Варвара с трудом преодолела головокружение, приподнялась на кровати и утомленными глазами заглянула в окно. По веткам груши скакали длиннохвостые сороки, чачакали, отбивая друг у друга червяков, бабочек. По стволу, сливаясь с корой, к ним затаенно ползла кошка. Она выставляла поочередно лапки, продвигала по ним голову, вытягивая пеструю шею и подбирая хвост. Подкравшись ближе, поднырнула под ветку и притаилась. Сороки нагло и вызывающе прыгали через нее, задевали крючкастыми когтями. Кошка не шевелила ни одним членом: видно, испугалась своей дерзости — напасть на таких разбойников.
— Ну и черт с вами, важность какая! — пробурчал Арчаков.
Варвара, скомкав локтем подушку, повернулась. Арчаков пятерней будоражил свои гривастые волосы, засунутой в карман левой рукой нервно шевелил. Варвара тайком следила за ним.
«Как все меняется в жизни, — думала она, глядя на его знакомую манеру сердиться, — хоть и не родные, а ведь вместе росли, вместе когда-то бегали по бугру за опенками (она, бывало, таскает непосильную бадью, а он, подобрав брючишки, прыгает через ярки), вместе ездили на коляске по бахчам, купались в илистой речушке, били лягушек… Теперь же — а после похорон отца особенно — как чужие, хотя и под одной крышей».

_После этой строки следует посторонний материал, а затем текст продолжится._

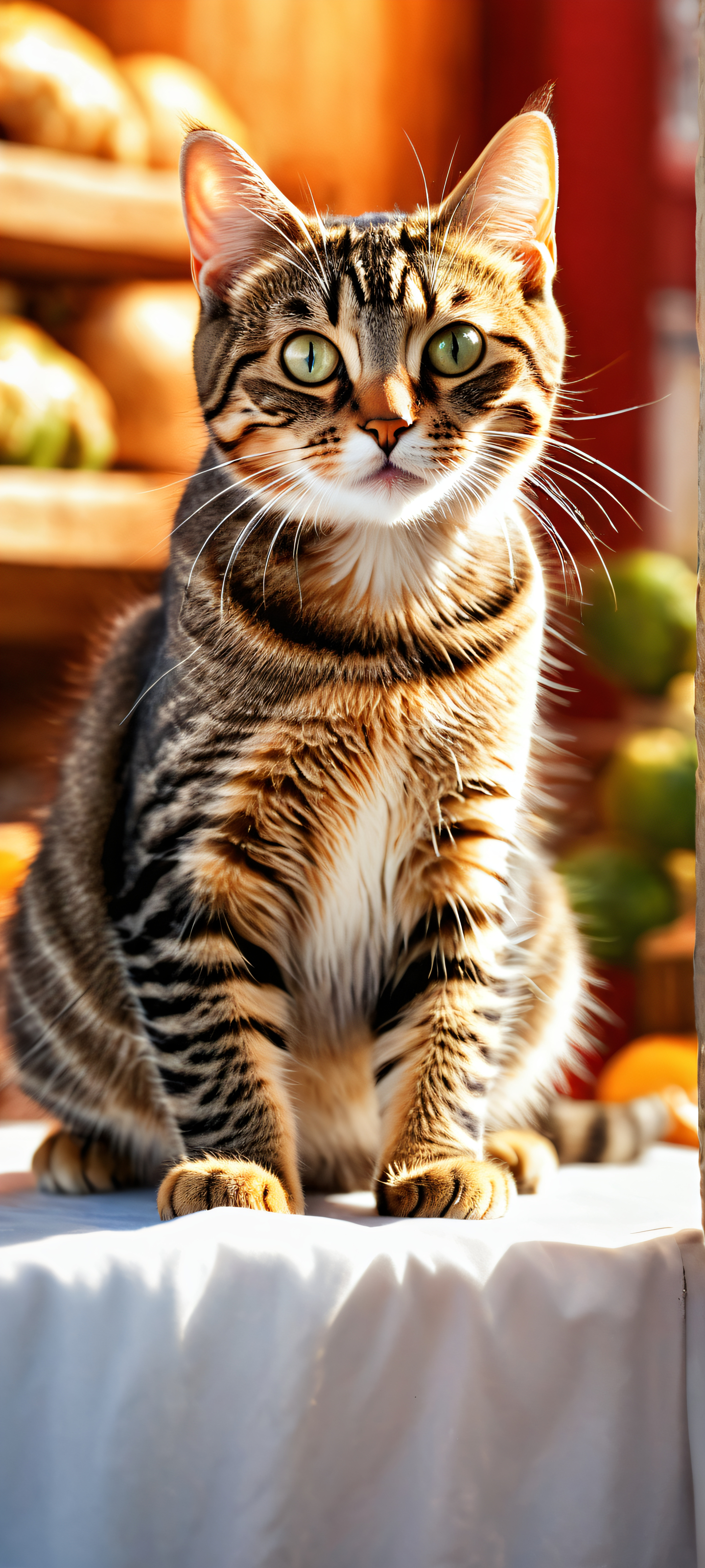 A breathtaking vertical portrait artwork of A small young tabby cat placed in the lower-middle, intricately hugging a large, shiny silver fish, with a determined facial expression and mid-shout. The surrounding environment is intentionally blurred to emphasize the subject’s micro-details., Perfectly clean and empty top half with vast pure void, allowing for seamless integration of UI widgets. Below, a bustling Dutch street market scene unfolds, featuring a market stall overflowing with fresh fishes to the right., Award-winning digital art, pristine clarity, and stunning visual impact, reminiscent of Apple UI design standards, Ethereal softbox lighting with subtle gradient effects, casting a warm glow on the subject’s fur and fish while highlighting the vibrant colors of the surrounding market scene, [‘Warm golden tones’, ‘Deep blues’, ‘Rich earthy reds’], ethereal lighting, radiant, brilliant colors, ray traced reflections, pristine clarity, portrait composition, centered subject in the lower middle, perfectly clean and smooth top half for UI, extreme depth of field blurred background, highly textured surfaces, intricate micro-details, physically based rendering, award-winning digital art, epic breathtaking scale, stunning visual impact, perfect composition, macOS wallpaper aesthetic, masterpiece, 2K QHD resolution, 9:20 aspect ratio.

Почти никогда и ни о чем они не говорят друг с другом, разве только по хозяйству о чем-нибудь. Ни о каких новостях Варвара не спрашивает у него, и сам он ни о чем не рассказывает. Арчаков догадывался, что давнишняя дружба у Варвары с Филиппом сохранилась и до сего времени. Но это его как бы нисколько не касалось, и он не вмешивался в это дело. Только теперь про Филиппа и его друзей при ней он никогда не говорил: то ли не хотел обижать ее, то ли опасался, чтоб она не навредила.

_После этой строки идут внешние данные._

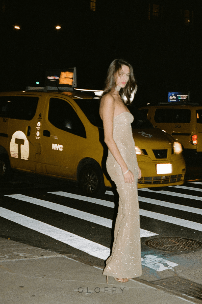 - Tasarım: Payetli ve balık etekli, straplez bedene oturan elbise

С приходом карательного отряда хутор был объявлен на военном положении. Окончательно оформилась особая сотня под командой Арчакова. В нее вошли почти все «румыны» и небольшая часть фронтовиков. Бородачи оказались самыми ярыми служаками. Фронтовики относились ко всему недоверчиво, с ухмылкой, но не пойти в сотню не решились: боялись быть заподозренными в измене казачеству. А выгод от этого очень мало, если карательный отряд стоит в хуторе. Особенно смешило фронтовиков вооружение: на десять казаков приходилась одна винтовка, у остальных были длинные-предлинные пики, изготовления Якова Коваля. Но «румыны» и слушать не хотели, что так воевать нельзя. «Пуля — дура, штык — молодец», — говорили они, вспоминая суворовское изречение.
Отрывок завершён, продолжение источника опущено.